Spring batch Admin : Unable to read 663 MB flat file, OutOfMemoryError
-
30-05-2021 - |
Frage
I am using Spring Batch Admin 1.2.1 in Tomcat 7. I am trying to read 663 MB file and getting following error. I have also increased the heap size of Tomcat but of no vain. The job is pretty straight forward. It reads flat file and save it to DB with very little processing. Please help.
15:05:10,535 INFO http-apr-8181-exec-4 SimpleStepHandler:133 - Executing step: [load]
15:05:10,981 ERROR http-apr-8181-exec-4 AbstractStep:212 - Encountered an error executing the step
java.lang.OutOfMemoryError: Java heap space
at org.apache.catalina.loader.WebappClassLoader.findResourceInternal(WebappClassLoader.java:3098)
at org.apache.catalina.loader.WebappClassLoader.findResource(WebappClassLoader.java:1244)
at org.apache.catalina.loader.WebappClassLoader.getResource(WebappClassLoader.java:1407)
at org.springframework.core.io.ClassPathResource.exists(ClassPathResource.java:139)
at org.springframework.batch.item.file.FlatFileItemReader.doOpen(FlatFileItemReader.java:248)
at org.springframework.batch.item.support.AbstractItemCountingItemStreamItemReader.open(AbstractItemCountingItemStreamItemReader.java:134)
at sun.reflect.NativeMethodAccessorImpl.invoke0(Native Method)
at sun.reflect.NativeMethodAccessorImpl.invoke(NativeMethodAccessorImpl.java:39)
at sun.reflect.DelegatingMethodAccessorImpl.invoke(DelegatingMethodAccessorImpl.java:25)
at java.lang.reflect.Method.invoke(Method.java:597)

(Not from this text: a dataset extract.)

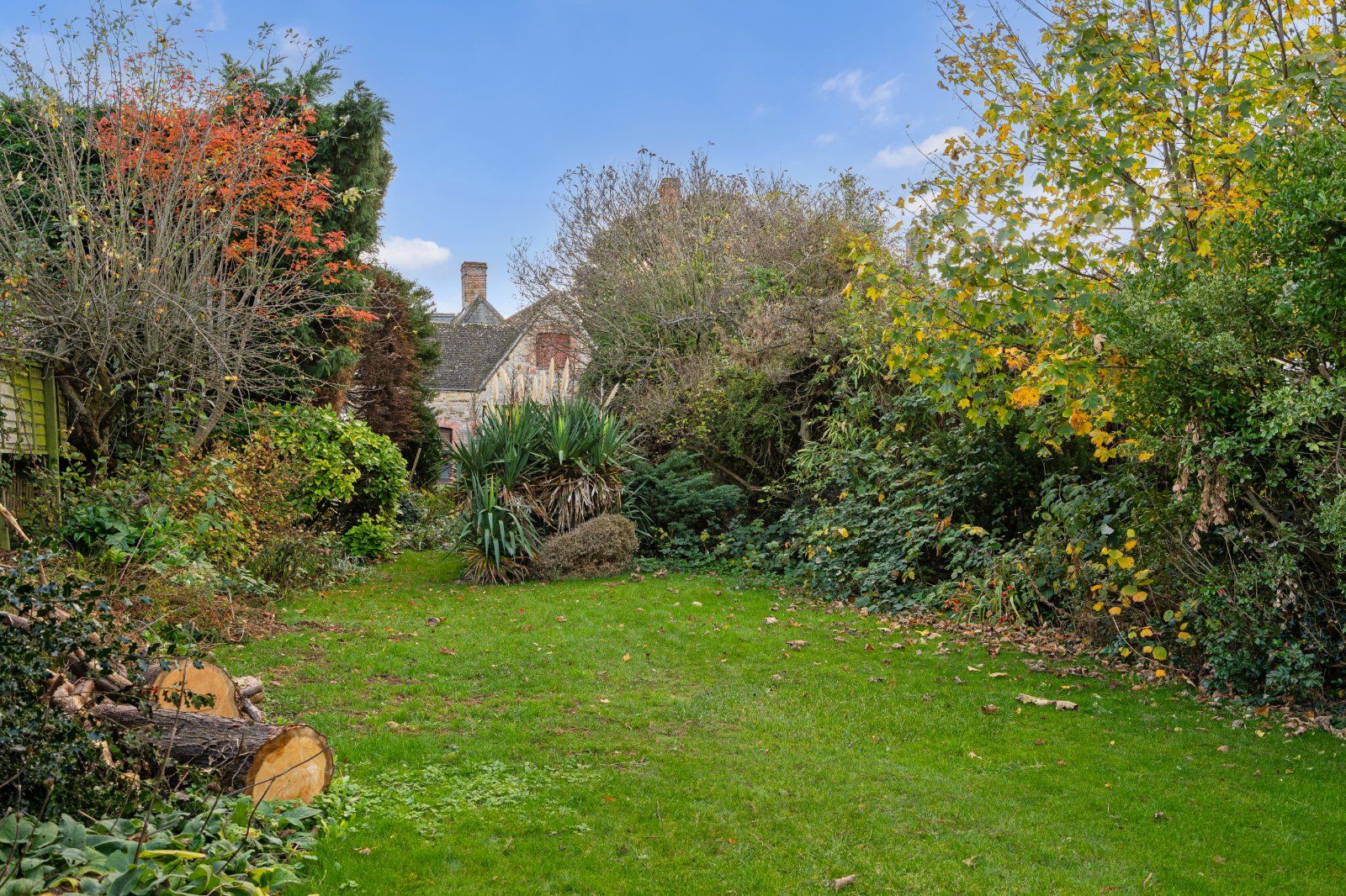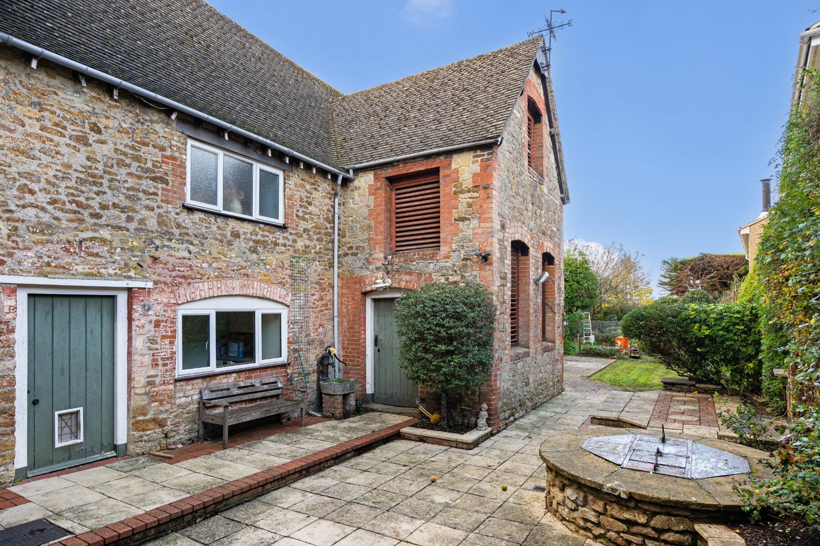Beyond the courtyard, the garden stretches into a long lawn framed by mature hedging and established trees.

at org.springframework.aop.support.AopUtils.invokeJoinpointUsingReflection(AopUtils.java:309)
at org.springframework.aop.framework.ReflectiveMethodInvocation.invokeJoinpoint(ReflectiveMethodInvocation.java:183)
at org.springframework.aop.framework.ReflectiveMethodInvocation.proceed(ReflectiveMethodInvocation.java:150)
at org.springframework.aop.support.DelegatingIntroductionInterceptor.doProceed(DelegatingIntroductionInterceptor.java:131)
at org.springframework.aop.support.DelegatingIntroductionInterceptor.invoke(DelegatingIntroductionInterceptor.java:119)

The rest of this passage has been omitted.